Dataset excerpts
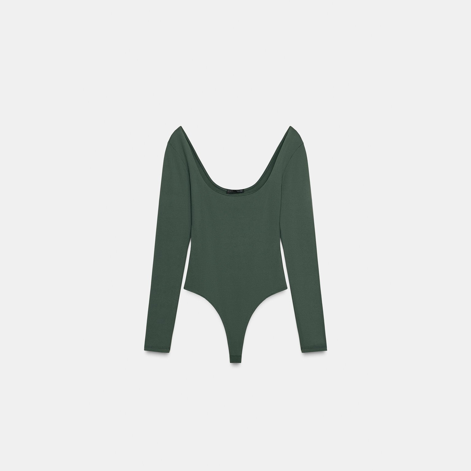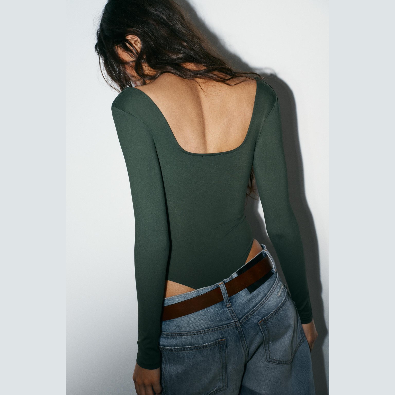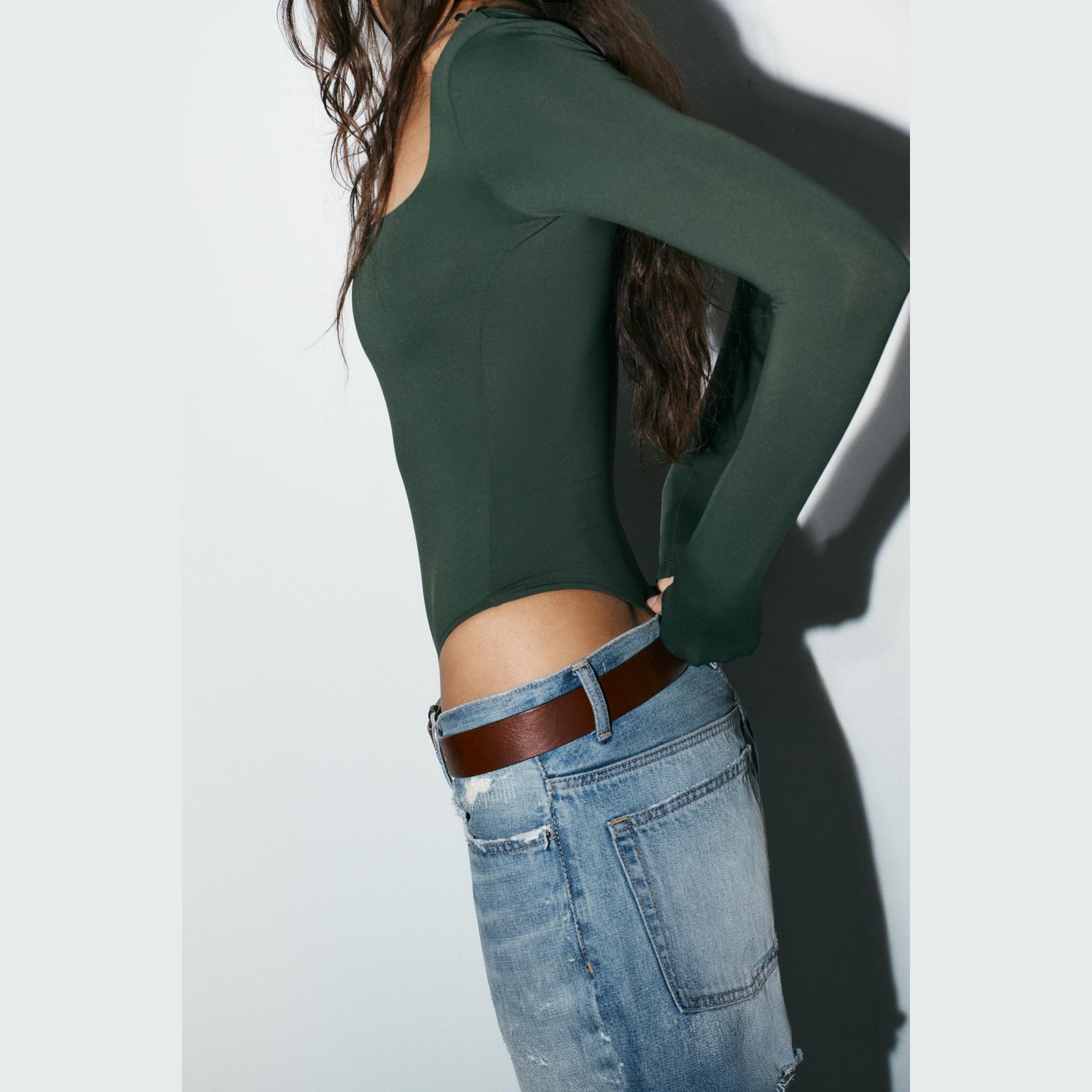 بادي محبوك بياقة مربعة – لون طبيعي (أخضر متوسط) – Mid-Green (Square Neck Polyamide Bodysuit) بادي أنيق بلون أخضر متوسط طبيعي، مصنوع من خامة محبوكة بخليط بولي أميد وإيلاستان يمنح مرونة وملمسًا ناعمًا، بتصميم مزود بياقة مربعة وأكمام طويلة. يتميز بقصة ضيقة تمنح إطلالة أنثوية عصرية، مع إغلاق سفلي عملي. قطعة أساسية مثالية للتنسيقات اليومية الكاجوال الأنيقة أو كطبقة داخلية في المواسم الانتقالية.
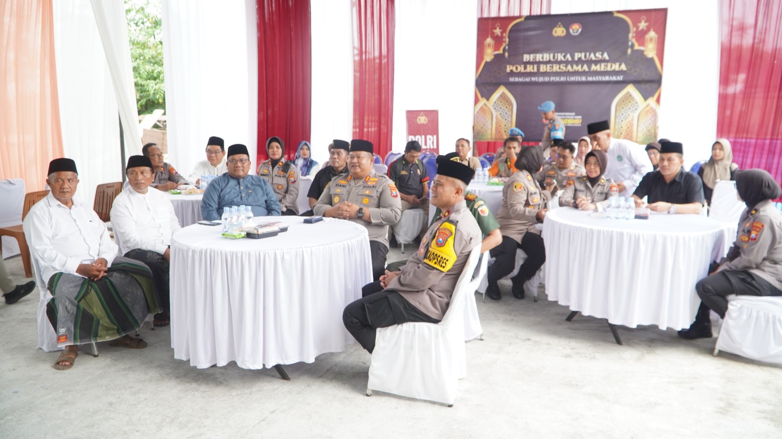 Suasana buka bersama berlangsung hangat dan penuh keakraban, mencerminkan keharmonisan antara aparat kepolisian dan media dalam menjaga stabilitas daerah.
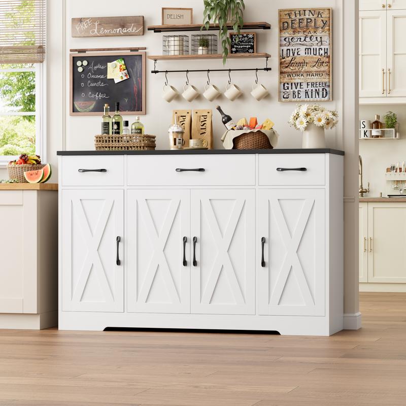 ·Four doors cabinets with one fixed shelf and two adjustable side shelves.
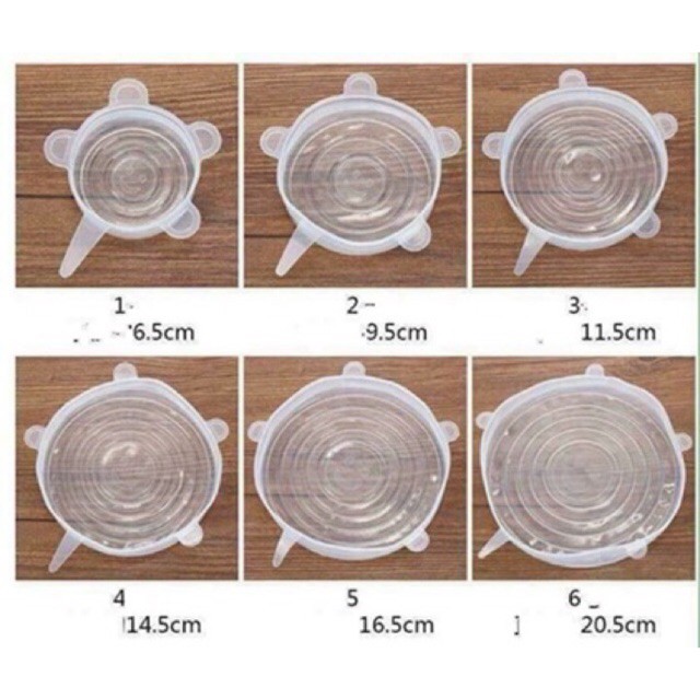 - Một set gồm 6 nắp kích thước từ bé đến lớn, đảm đảo có thể đậy được từ bát nhỏ đến bát lớn, cực kín , cực khít.
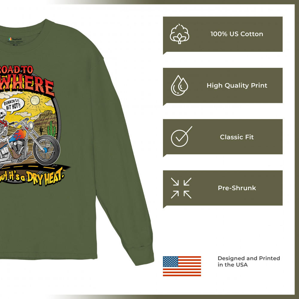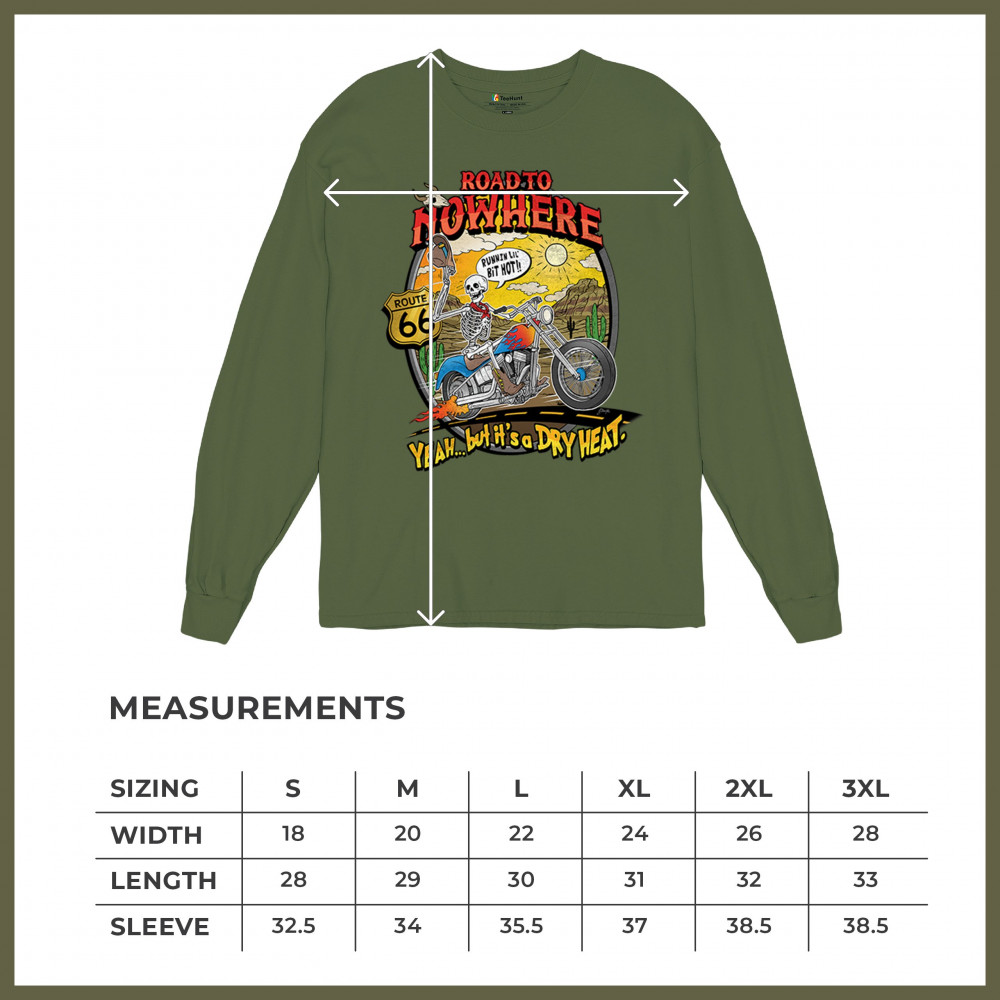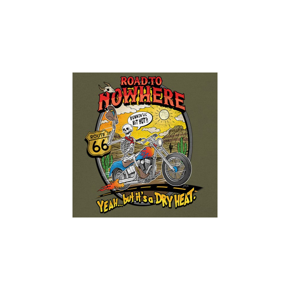 Our 'Road to Nowhere' tee is a salute to the thrill-seekers and the heat-bravers. Adorned with a bold skeleton cruising down Route 66, it embodies the spirit of adventure with a touch of playful defiance. A statement piece for anyone who lives for the ride and laughs in the face of danger. Join the ride into the sunset with this daring design.

■ EXERCISE GOAL ■
Write out again the lines from the one with "- Một set gồm" through the end of the records exactly, without any of the pictures.

■ EXERCISE SOLUTION ■
 - Một set gồm 6 nắp kích thước từ bé đến lớn, đảm đảo có thể đậy được từ bát nhỏ đến bát lớn, cực kín , cực khít.
 Our 'Road to Nowhere' tee is a salute to the thrill-seekers and the heat-bravers. Adorned with a bold skeleton cruising down Route 66, it embodies the spirit of adventure with a touch of playful defiance. A statement piece for anyone who lives for the ride and laughs in the face of danger. Join the ride into the sunset with this daring design.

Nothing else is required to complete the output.